The deploy directory will contain all the executables and configuration files you will need. You can copy this directory to the target machine if you intend running the firewall on a different machine than the one used to compile on.
The basic idea is that the GUI is completely separate from the configuration of the actual firewall. Thus it is possible to use a GUI on a workstation and generate a REAPOFF installation for a completely different system. By default the GUI will create a complete, pre-configured installation of REAPOFF in the ./deploy directory.
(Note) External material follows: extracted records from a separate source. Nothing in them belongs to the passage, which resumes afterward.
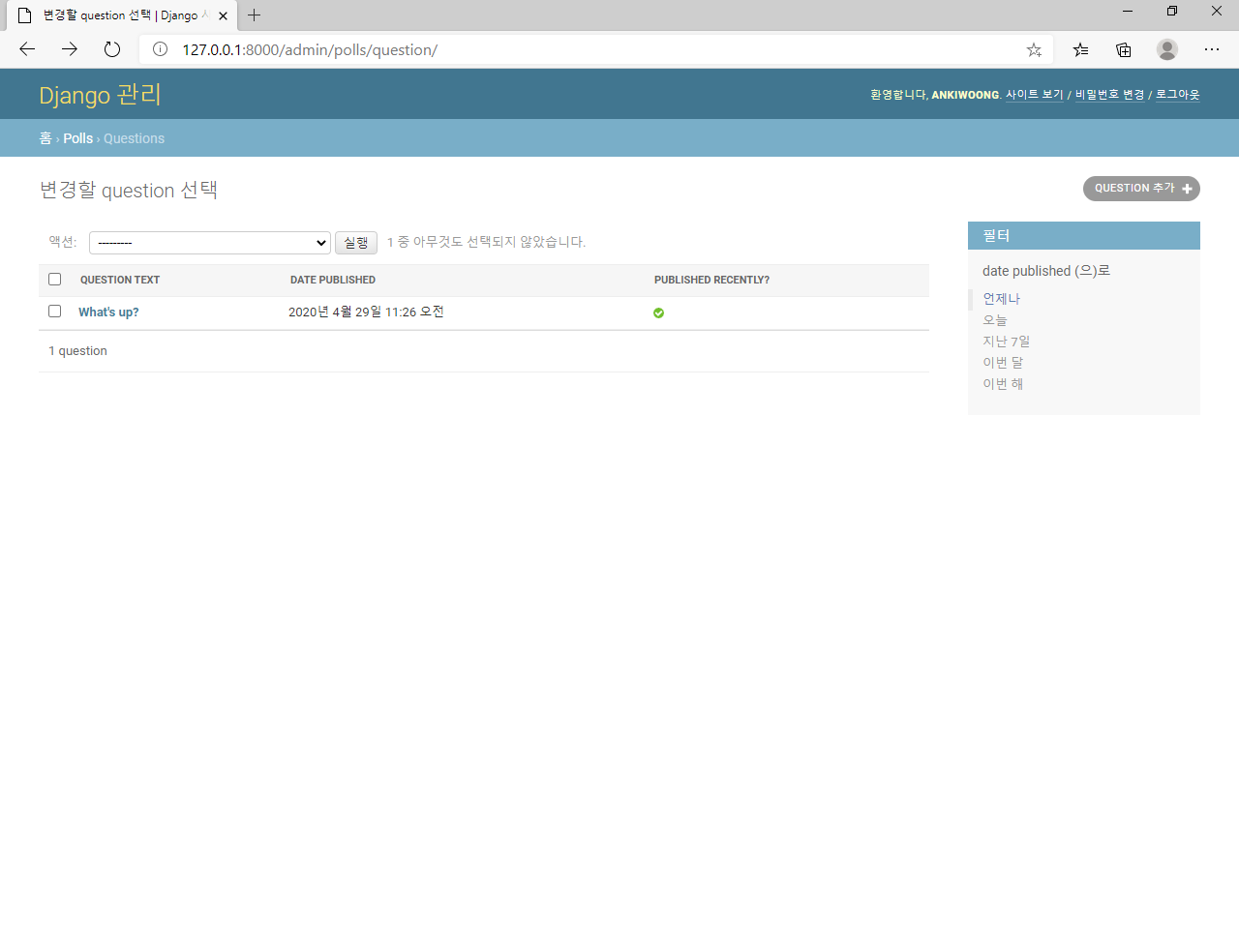 11. was_published_recently에 대한 열 머리글은 기본적으로 메서드 이름 (밑줄을 공백으로 대체)이며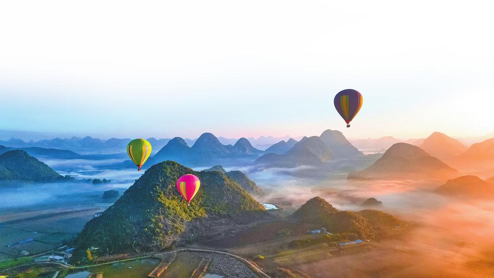文山州有由汉、壮、苗、彝、瑶等11个世居民族共同创造的铜鼓文化、稻作文化、坡芽文化,还有苗族“花山节”、壮族“三月三”、彝族“花脸节”、汤谷“女子太阳节”等丰富多彩的文化积淀。近年来,文山不断创新产品,丰富游客的旅游体验。图为普者黑景区热气球体验项目。吴哲芳/图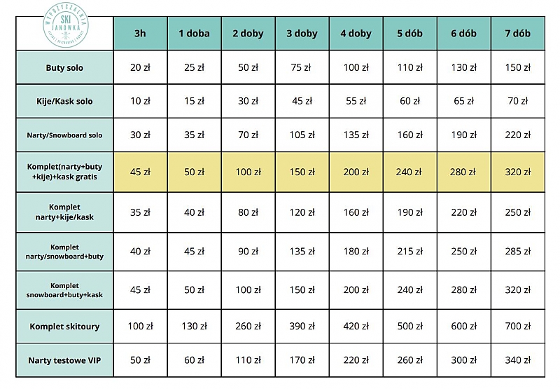 Cennik wypożyczalni nart w Tyliczu jest przejrzysty – dostępne są dwie opcje wypożyczenia: na 3 godziny lub na dobę. Ile kosztuje wypożyczenie nart? W zależności od modelu, cena wypożyczenia nart zaczyna się już od 40 zł (za 3-godzinną sesję) i 50 zł (za pełną dobę). Dla miłośników zjazdów na desce mamy także ofertę snowboardów – cena wypożyczenia snowboardu w Tyliczu to 40 zł na 3 godziny lub 50 zł za dobę. Wszystkie sprzęty są regularnie serwisowane i gotowe do natychmiastowego użycia. Dokładne informacje o kosztach wynajęcia sprzętu znajdziesz w załączonej w galerii tabeli.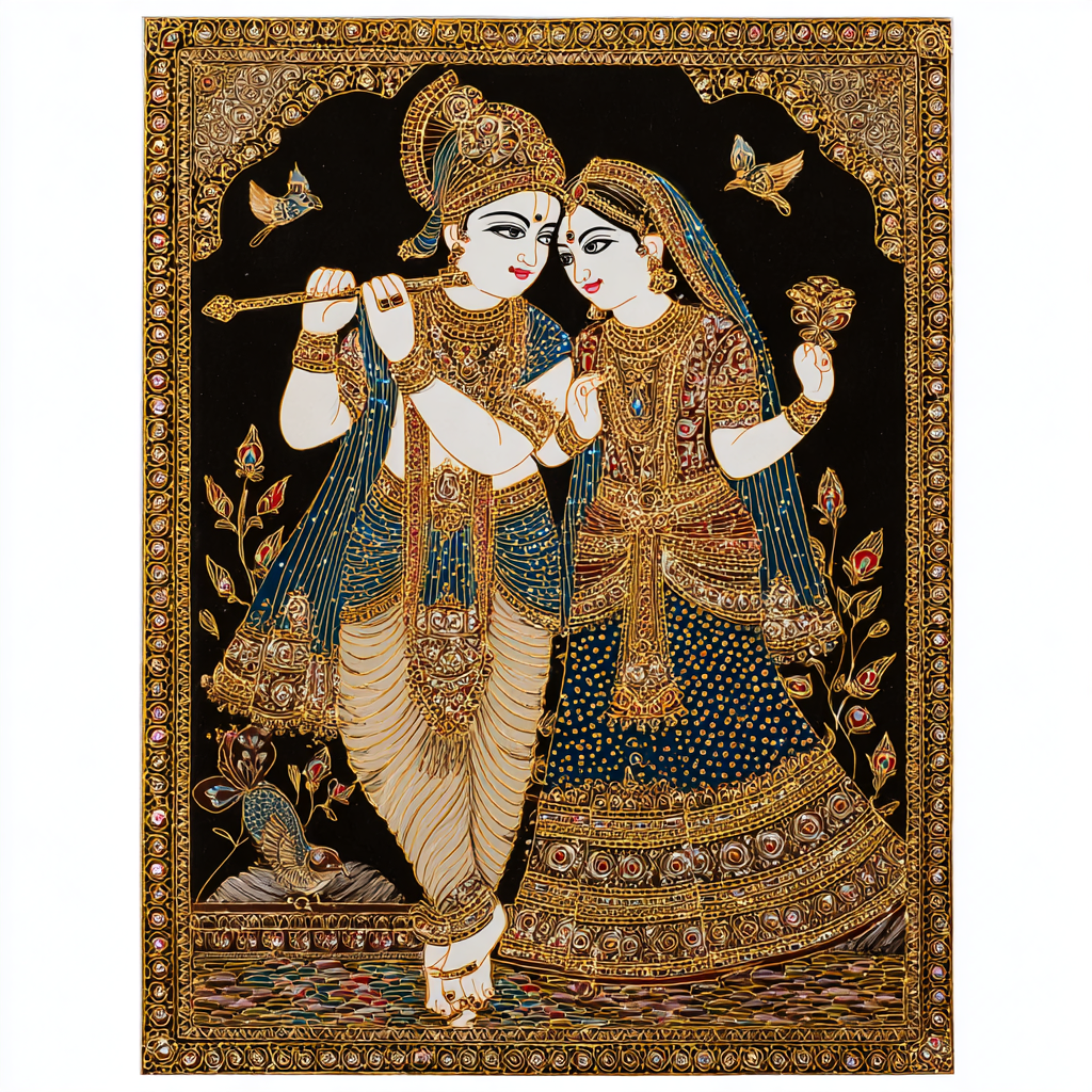 Tanjore painting of Radha Krishna with gold accents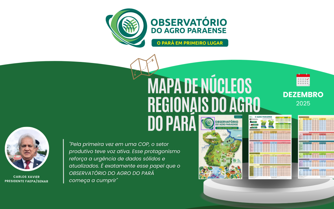 Com o objetivo de transformar dados técnicos em decisões estratégicas para o setor produtivo, o Sistema FAEPA/SENAR anunciou, neste mês de dezembro, o lançamento oficial do Observatório do Agro Paraense. O projeto estreia com a apresentação de seu primeiro produto: o Mapa de Núcleos Regionais do Agro Paraense, uma ferramenta de inteligência territorial desenvolvida para fortalecer a gestão rural no estado.
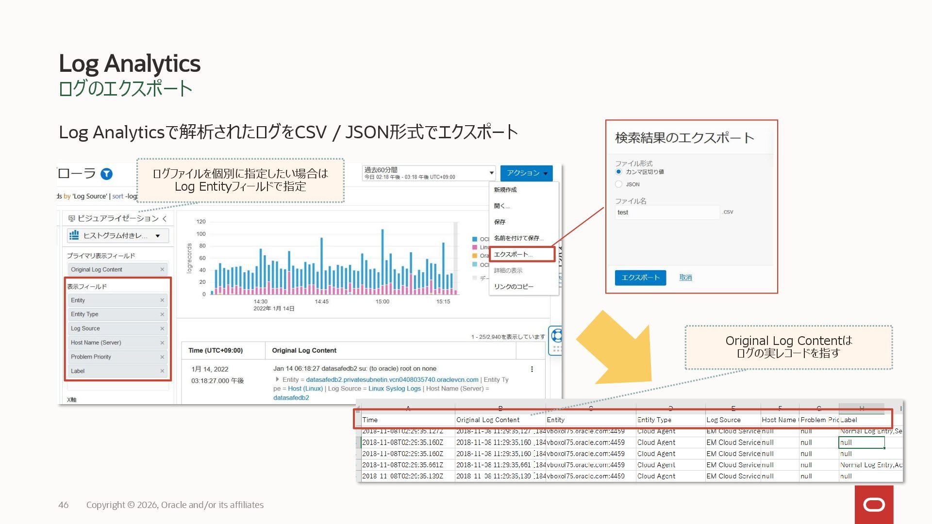 Entityフィールドで指定 Original Log Contentは ログの実レコードを指す Copyright © 2026, Oracle and/or its affiliates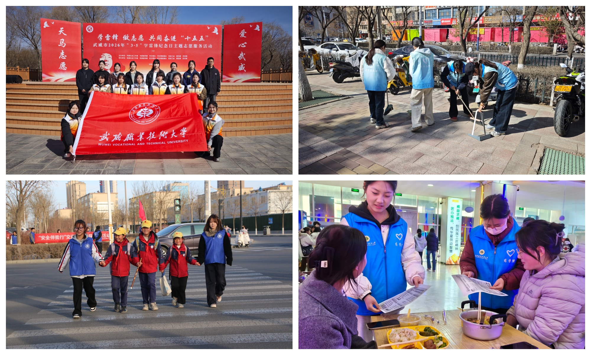活動(dòng)當(dāng)天,志愿者們走出校園,在武威市3·5學(xué)雷鋒紀(jì)念日主題志愿服務(wù)活動(dòng)現(xiàn)場(chǎng)為群眾提供講解、引導(dǎo)等服務(wù)。在校園周邊街道,志愿者們對(duì)人行道、綠化帶進(jìn)行細(xì)致清理,以實(shí)際行動(dòng)維護(hù)環(huán)境整潔;同時(shí)通過(guò)開展垃圾分類宣傳、“無(wú)煙校園”倡導(dǎo)等活動(dòng),引導(dǎo)師生樹立環(huán)保理念,踐行綠色低碳生活方式。在各小學(xué)周邊路口、校門口等關(guān)鍵位置,志愿者們引導(dǎo)小朋友安全過(guò)馬路、有序離校,為小朋友們筑牢出行“安全防線”。在網(wǎng)絡(luò)安全宣傳點(diǎn),志愿者們通過(guò)案例分析、互動(dòng)問(wèn)答等形式,普及防范網(wǎng)絡(luò)詐騙、保護(hù)個(gè)人信息等知識(shí),引導(dǎo)師生文明上網(wǎng)、安全用網(wǎng)。此外,還通過(guò)設(shè)立宣傳點(diǎn)、發(fā)放倡議書、開展健康知識(shí)普及等方式,向師生傳遞科學(xué)運(yùn)動(dòng)、合理膳食等健康理念,倡導(dǎo)養(yǎng)成文明健康的生活習(xí)慣,讓文明新風(fēng)吹遍校園每個(gè)角落。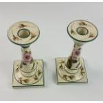 A pair of WEMYSS ware candle sticks, rose and briar leaf decoration, standing 18cm tall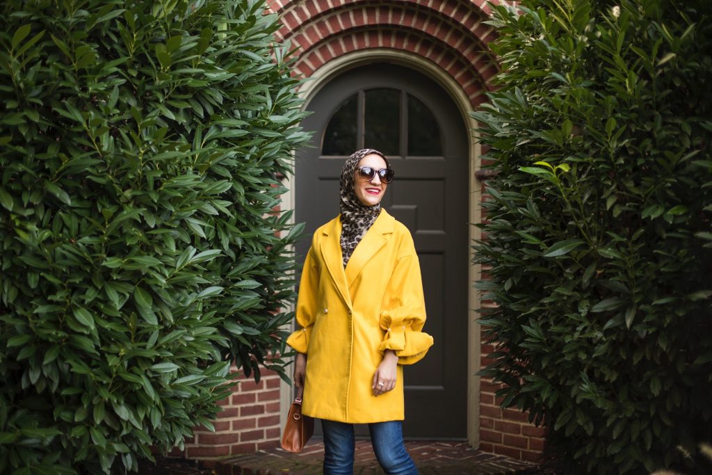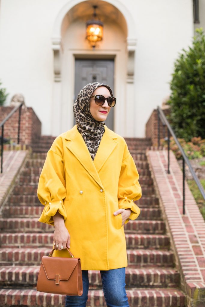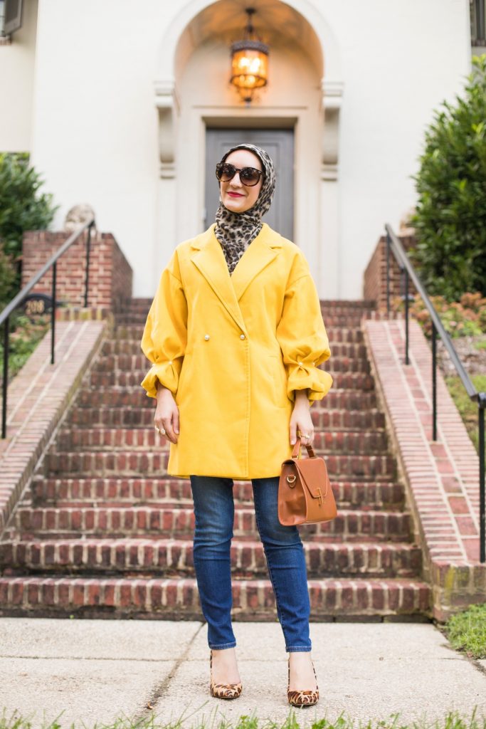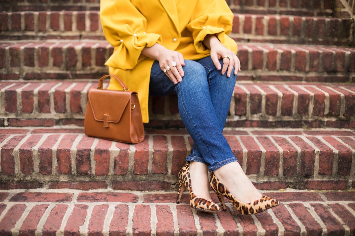 I have a slight coat obsession! I love colorful, detailed, and unique coats. I have one black coat that is tucked in the back of my closet that I rarely wear, but keep it because every girl needs a black winter coat. When I saw this yellow number on SHEIN I was instantly in love. The feminine pearl sleeve details and ruffle style is very unique and the $31 price tag is a bargain! For sizing reference, I ordered a Small. The coat is not super heavy and makes a great piece for layering. I paired my coat with a leopard scarf and my favorite leopard heels for a timeless fall look.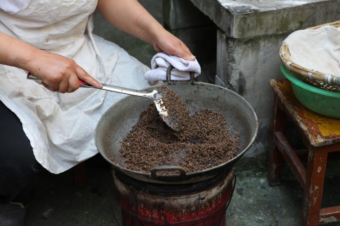 清明粑餡心的原材料,包含百分之五十的蘇麻、百分之三十的花生、剩余部分是白芝麻、玫瑰糖和白糖,加工過(guò)程頗為繁瑣。黃家英將白芝麻、花生、蘇麻洗凈后,分別放入鐵鍋中翻炒,小火防止局部焦糊,不斷翻炒使得每一顆都能受熱均勻。

The GUI uses a template file called ``template.xml''. This file contains all the rules currently written in XML format. The rules are classified according to a family. Thus for example all rules pertaining to HTTP belong to a family called HTTP. This classification is a guide only, although its probably not a good idea to mix and match rules between families. The family ``general'' contains rules which can generally be used on any proxy.
Figure 1 shows the main GUI screen. There are a number of parts in this screen. The left most pane shows the current proxies which are configured in a tree view. The rules defined for each proxy are also shown. The top right pane shows a description of the currently selected rule or proxy. This description helps the user decide if they want this rule present. A better explanation is given of the GUI structure in the following sections.
Rules can take on variables sometimes. This allows the user to configure the rule specifically for their situation. For example the above screen shot shows a rule which accepts three variables. A variable may contain more than one instance, by having multiple lines of text. For example in the above screen shot the variable string matches accepts multiple arguments each match is present on its own line.
Figure 2 shows the template dialog box which is presented whenever a new rule is added. The user can then select which rule they wish to add to the current proxy. Multiple selections are allowed in this dialog box.
Usually rule dumps from such firewalls are difficult to read, since the rules don't necessarily correspond to a particular policy and its difficult to work out what each rule is supposed to achieve. On the other hand, a firewall's configuration is supposed to reflect a security policy which is a higher level, clearly defined document stating what restrictions and privileges are applied to different groups of users,computers and times. In a sense there is a separation between the actual policy and the conditions under which these policies are applied.
This type of separation makes auditing the configuration of the firewall an easy task, one simply needs to establish which policies apply to whom and then look at how these policies are implemented. An easier to understand firewall configuration process leads to a more secure installation and more likely to be configured as per the policy.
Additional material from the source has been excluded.